__What to work on__: From the first line to the last, set down the material exactly and drop every picture.

__Information supplied__:
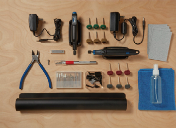 エルゴノミック・ペンサンダー / 回転ツール / 回転ツール用ビットキット (研磨+ 艶出しビッ卜×16種+バフビット×12種) / フラッシュカッター / ホビーナイフ+ブレード / スプレーボトル / マイク口ファイバークロス / 大型シリコンマット (40 x 60cm)
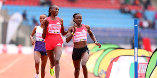 From left, Beatrice Chebet, Agnes Ngétich and Janeth Chepng’etich take part in the women's 10,000m of the Kenyan trials for the 2025 World Athletics Championships at Ulinzi Sports Complex, Nairobi, on July 22, 2025.
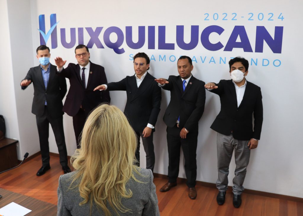 En este marco, la presidenta municipal, Romina Contreras, tomó protesta de ley a los ciudadanos Luis Guillermo Zetina Obregón, José Alfredo Carrillo Silva, Maximiliano González Solorio, Cuauhtémoc Rojas Archundia y José Alberto Flores Mora, con el propósito de que asuman las funciones que confiere la Ley del Sistema Anticorrupción del Estado de México.

__Expected answer__:
 エルゴノミック・ペンサンダー / 回転ツール / 回転ツール用ビットキット (研磨+ 艶出しビッ卜×16種+バフビット×12種) / フラッシュカッター / ホビーナイフ+ブレード / スプレーボトル / マイク口ファイバークロス / 大型シリコンマット (40 x 60cm)
 From left, Beatrice Chebet, Agnes Ngétich and Janeth Chepng’etich take part in the women's 10,000m of the Kenyan trials for the 2025 World Athletics Championships at Ulinzi Sports Complex, Nairobi, on July 22, 2025.
 En este marco, la presidenta municipal, Romina Contreras, tomó protesta de ley a los ciudadanos Luis Guillermo Zetina Obregón, José Alfredo Carrillo Silva, Maximiliano González Solorio, Cuauhtémoc Rojas Archundia y José Alberto Flores Mora, con el propósito de que asuman las funciones que confiere la Ley del Sistema Anticorrupción del Estado de México.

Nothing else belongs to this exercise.